Apache Impala (incubating) is a modern, open-source MPP SQL engine architected from the ground up for the Hadoop data processing environment. Impala provides low latency and high concurrency for BI/analytic read-mostly queries on Hadoop, not delivered by batch frameworks such as Hive or SPARK. Impala is a brand-new engine, written from the ground up in C++ and Java. It maintains Hadoop's flexibility by utilizing standard components (HDFS, HBase, Metastore, Sentry) and is able to read the majority of the widely-used file formats (e.g. Parquet, Avro, RCFile). To reduce latency, such as that incurred from utilizing MapReduce or by reading data remotely, Impala implements a distributed architecture based on daemon processes that are responsible for all aspects of query execution and that run on the same machines as the rest of the Hadoop infrastructure. Impala employs runtime code generation using LLVM in order to improve execution times and uses static and dynamic partition pruning to significantly reduce the amount of data accessed. The result is performance that is on par or exceeds that of commercial MPP analytic DBMSs, depending on the particular workload. Although initially designed for running on-premises against HDFS-stored data, Impala can also run on public clouds and access data stored in various storage engines such as object stores (e.g. AWS S3), Apache Kudu and HBase. In this tutorial, we present Impala's architecture in detail and discuss the integration with different storage engines and the cloud. In the hands-on tutorial, we demonstrate how to launch an Impala cluster and run SQL queries that combine data from multiple storage engines.

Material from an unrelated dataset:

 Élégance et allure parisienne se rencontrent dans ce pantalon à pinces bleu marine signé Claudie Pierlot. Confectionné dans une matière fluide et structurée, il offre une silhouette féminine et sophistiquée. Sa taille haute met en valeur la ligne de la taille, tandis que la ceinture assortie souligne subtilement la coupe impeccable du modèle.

Apache Impala (Incubating), Apache Kudu, Hadoop (HDFS)
Originally started as an academic research project at UC Berkeley, Apache Spark is one of the most popular open source projects for big data analytics.
Over 1000 volunteers have contributed code to the project; it is supported by virtually every commercial vendor; many universities are now offering courses on Spark.

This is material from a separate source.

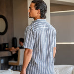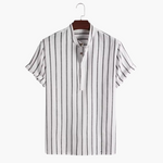 Charles | Gestreept Heren Zomer Linnen Overhemd met Staande Kraag
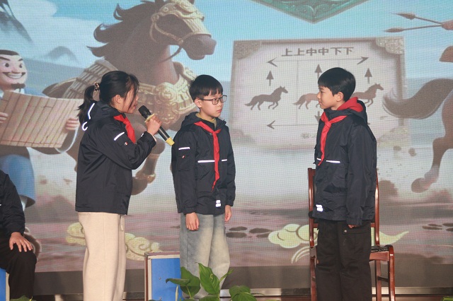 最受期待的学生戏曲成果展演环节,将庆典氛围推向高潮。六年级大哥哥大姐姐登场表演《田忌赛马》,韵味十足的呈现,完美展现了期末实践的丰硕成果,赢得了全场最热烈的掌声。

Spark has evolved significantly since the 2010 research paper: its foundational APIs are becoming more relational and structural with the introduction of the Catalyst relational optimizer, and its execution engine is developing quickly to adopt the latest research advances in database systems such as whole-stage code generation. In addition, the new Structured Streaming engine allows developers perform computations in real time using the same APIs as they would use for batch computation.
This tutorial covers the core APIs for using Spark 2.2, including DataFrames, Datasets, SQL. We talk about how the system has evolved to meet the demands of an every growing user base, including details on the: the Catalyst query optimizer, whole-stage code-generation as well as incremental query planning for streaming computation. The tutorial will be accompanied by hands on exercises.

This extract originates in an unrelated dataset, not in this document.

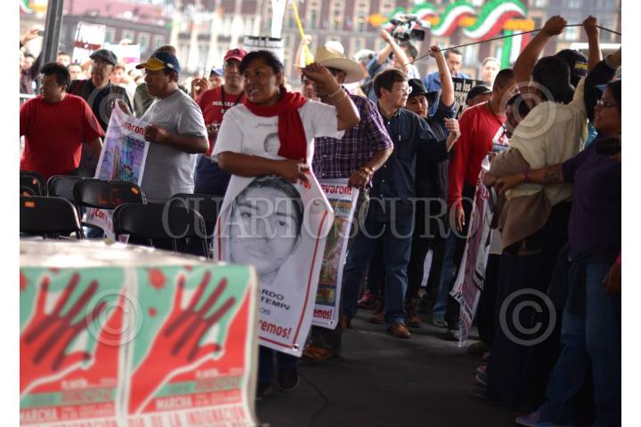 MÉXICO, D.F., 24SEPTIEMBRE2015.- Familiares de los 43 estudiantes normalistas desaparecidos el 26 de septiembre en Iguala Guerrero, realizaron una conferencia en el Platón 43x43, después de su reunión con el presidente de México, Enrique Peña Nieto. Los padres informaron que el ejecutivo no se comprometió a nada y convocan a la sociedad a manifestarse el próximo 26 de septiembre, día en el que se cumple el primer aniversario del ataque y la desaparición. FOTO: ADOLFO VLADIMIR /CUARTOSCURO.COM

TensorFlowTM is an open source software library for numerical computation using data flow graphs. TensorFlow was originally developed by researchers and engineers working on the Google Brain Team within Google's Machine Intelligence research organization for the purposes of conducting machine learning and deep neural networks research, but the system is general enough to be applicable in a wide variety of other domains as well.
In the first part of the tutorial, I will introduce the basic concepts of TensorFlow. What are TensorFlow data flow graphs and why do we need them?
I will show how you can build your own computation graph and implement a linear classifier with low-level TensorFlow primitives. I will also motivate higher-level
TensorFlow abstractions, that will increase your productivity, especially for Machine Learning.
In the second part, there will be a hands-on tutorial, in which you will be able to implement your own linear, as well as neural network classifier for recognizing handwritten digits using the higher-level TensorFlow Estimator API.